January 22nd – I passed through New Street mid-afternoon. The whole place was grey. It’s still chaos, and has been clearly designed with anything but the passengers in mind.

I stood waiting for a late train. Ever signal I could see was red. Sometimes, commuting feels like this. 

To quote Dexy’s, tell me when my red light turns green.

January 14th – I had to pop to a store in Crown Wharf on the way home, Walsall’s retail park on the fringes of the town centre. I hate the place with a passion – built on a very inhuman scale, it’s horrid to walk or cycle around, and appears to be solely designed without any aesthetic merit purely to extract cash from consumers whilst doing as little as possible in the way of accommodating design.

At night it’s even more grim than in the day. A place utterly without redeeming features.

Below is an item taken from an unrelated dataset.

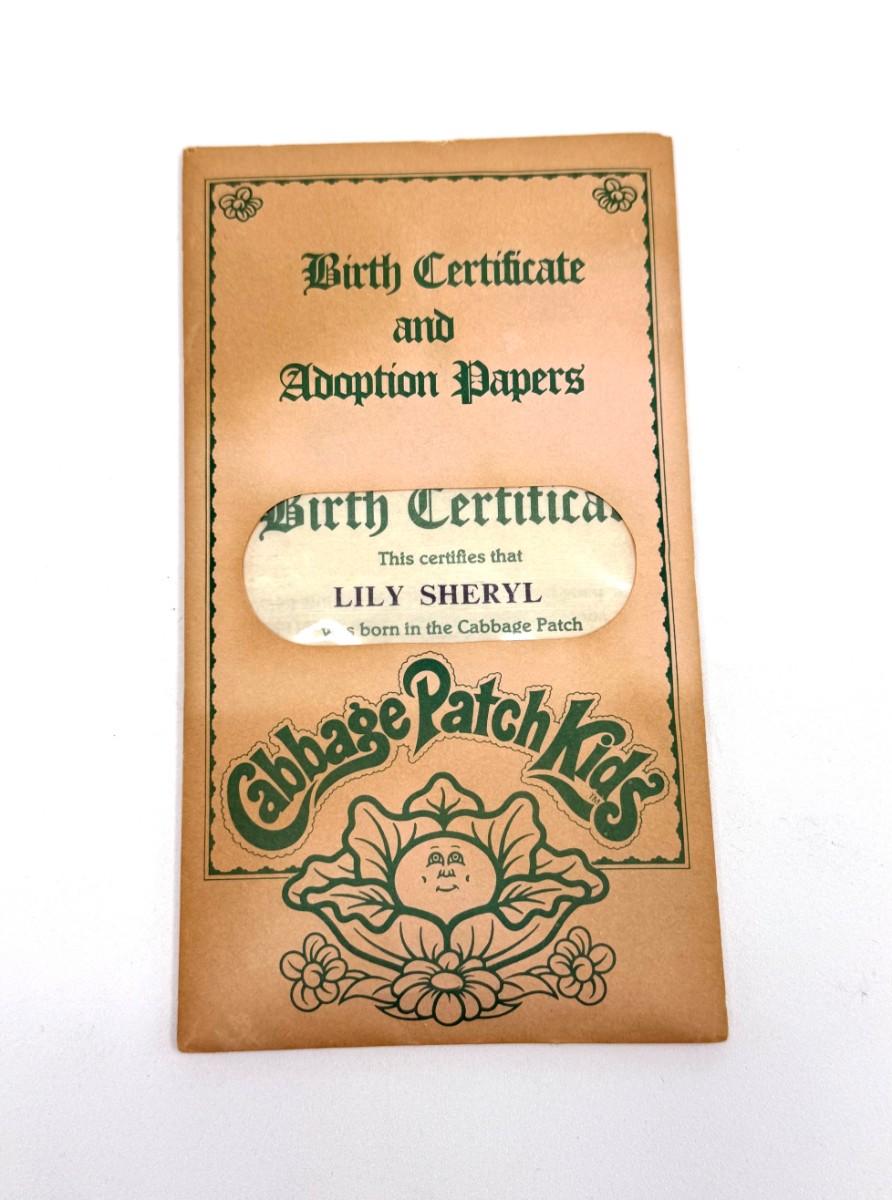 The original box and birth certificate appears to go with the blond girl.

September 15th – I spent the afternoon in Droitwich. This piece of woeful, inexplicable cycling ‘infrastructure’ is precisely why we’ll never have nice things.

Do you think the designer gave any thought to cyclists going in the other direction?

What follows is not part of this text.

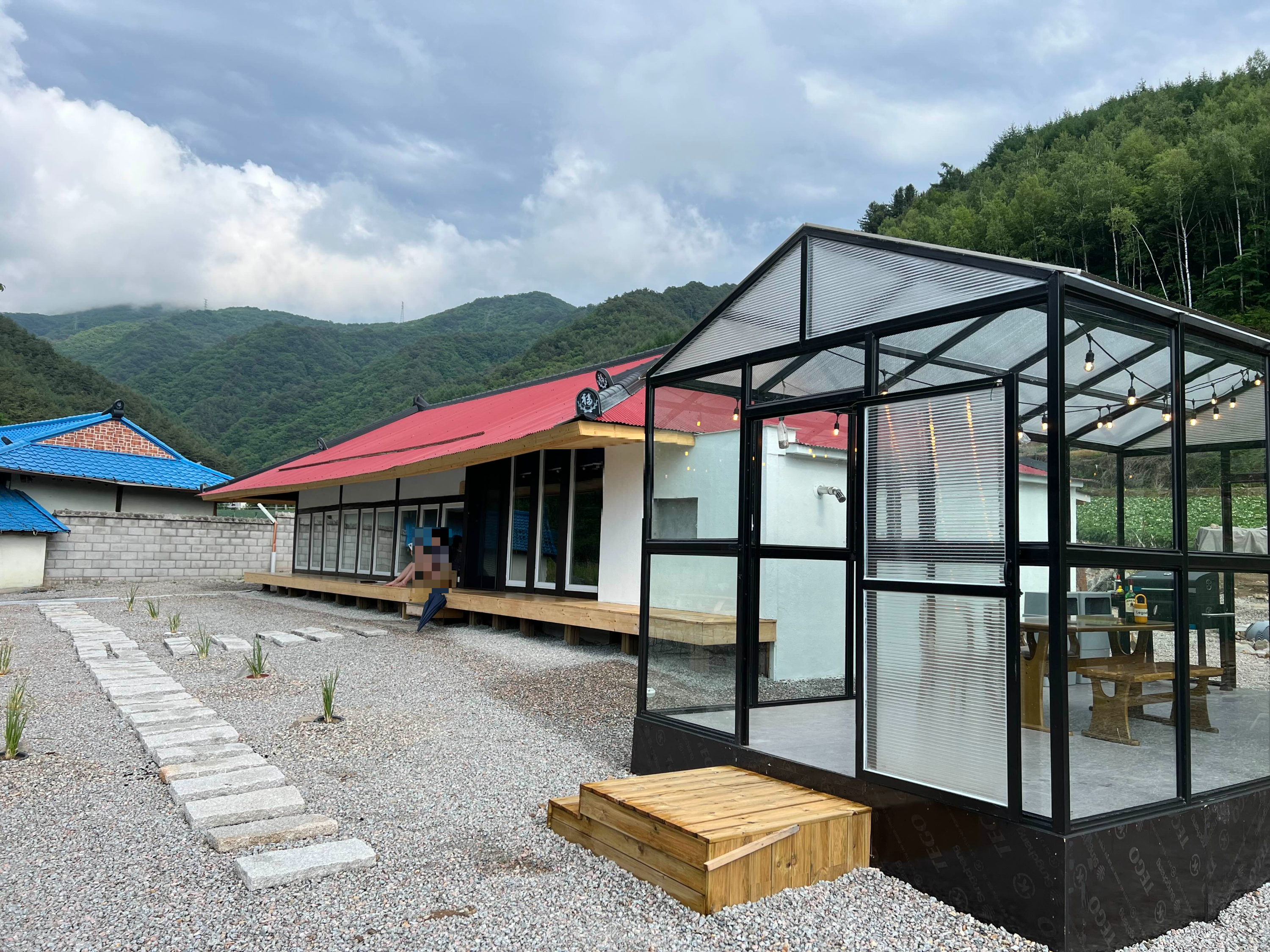 저희가 여기를 선택한 이유는 주변환경도 환경이지만 온실이 되어 있어서 비가 와도 밖에서 고기를 구워 먹을 수 있었다는 점입니다. 빗소리를 들으면서 술도 한잔하고 싶었고요. 딱 마침 온실이 있어서 너무 좋았어요. 근데 불행히도 비가 내리지 않음....

(No, there isn’t a lane on the other side of the road; there isn’t even a pavement.)

May 19th – Junction 9 of the M6, and Wood Green, the area around it, is horrible. Heavy traffic, poor air quality, grime and an utterly inhuman, dystopian architecture all contribute to make this place awful. There is humanity here, and great buildings, in the backstreets. But in the immediate vicinity of the junction, there is little to credit this place, despite the fact that it hosts the River Tame, A major railway and a motorway side by side.  The crowning glory of the inhuman design is the pedestrian underpass – dark, with 90 degree bends. Grey, filthy surfaces and forbidding outlooks that are dark and foreboding.

I hate this place with a passion.

August 3rd – Walsall Council seem surprised that the new Tesco hypermarket on Wisemore isn’t leading a regeneration of the town, and instead, seems to be sucking the life out of it. It’s obvious really. As this view from in front of the bus station shows, Tesco couldn’t give a toss about the town. The entire store has been built to face the new ring road, helpfully constructed by the council to deliver shoppers to the retail behemoth and take them away again without ever having to interact with the rest of the town. They haven’t even been bothered enough to put a sign on the rear of the building. I don’t think I’ve ever seen a development where contempt for the host community has ever been so wilfully incorporated in the design.

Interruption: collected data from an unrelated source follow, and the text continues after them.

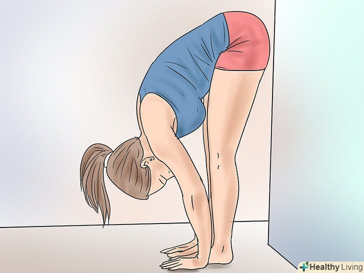 Опустіть тулуб вниз, пригорнувши животом до стегон. розташуйте руки на підлозі і частково перенесіть вагу тіла на руки.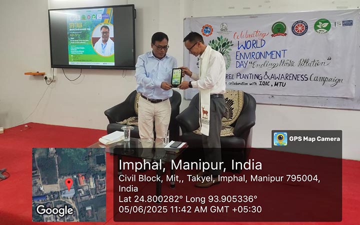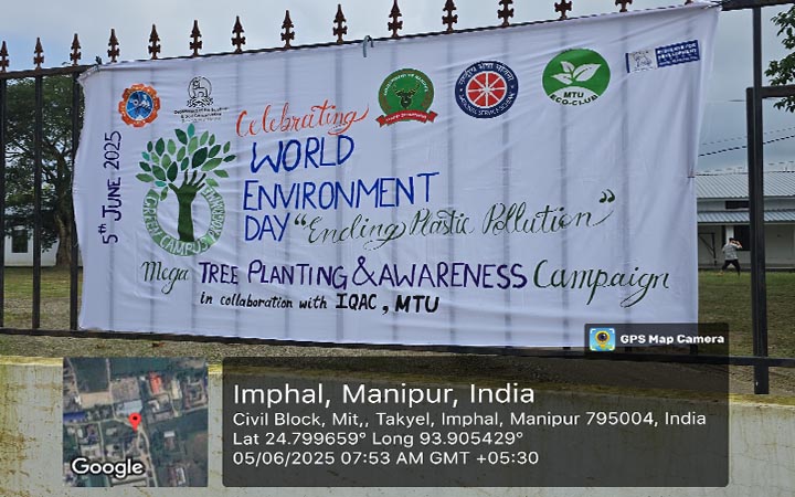 - About the event: Manipur Technical University observed World Environment Day with a tree plantation drive and an awareness lecture. Saplings were planted on campus with support from the Horticulture and Forest Departments. Professor Lal Bihari from Manipur University delivered a talk on “Be the Change: Break the Chain – Plastic and Water Pollution.” The event aimed to promote sustainable practices among students, staff, and outsider.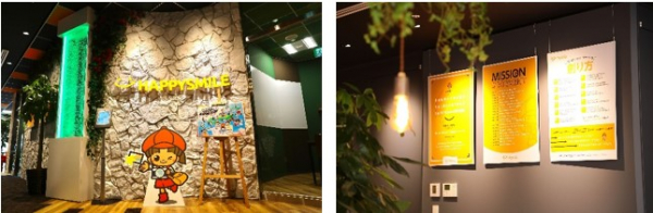 エレベーターを降りるとHAPPY SMILE のロゴと広報部長キャラクターの「エミちゃん」がお出迎え。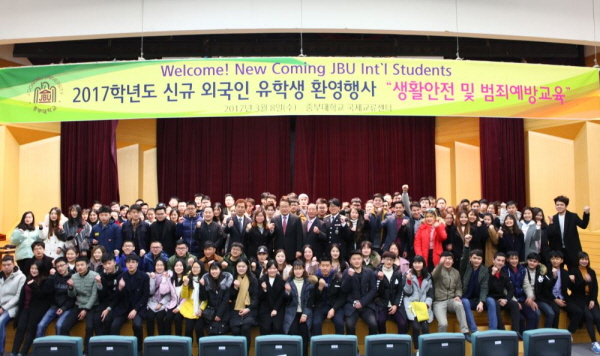 중부대학교(총장 홍승용)가 8일 오전 충청캠퍼스 건원관 금산홀에서 홍승용 총장을 비롯해 국제교류센터 관계자, 유학생 등 150여 명이 참석한 가운데 2017학년도 신규 외국인 유학생 오리엔테이션을 개최했다고 밝혔다.

Presumably, the planning committee looked at the design and thought ‘Yeah, that looks OK.’. Bewildering.

June 24th – Another day, another wet ride home. The Arboretum Junction in Walsall is a dreadful design. A perfectly serviceable island has been replaced by a hugely complex traffic light controlled crossway. I often end up here, waiting 10 minutes at a time for the lights in my lane to turn green. I loathe this fiddly, overcomplicated piece of urban design with a passion.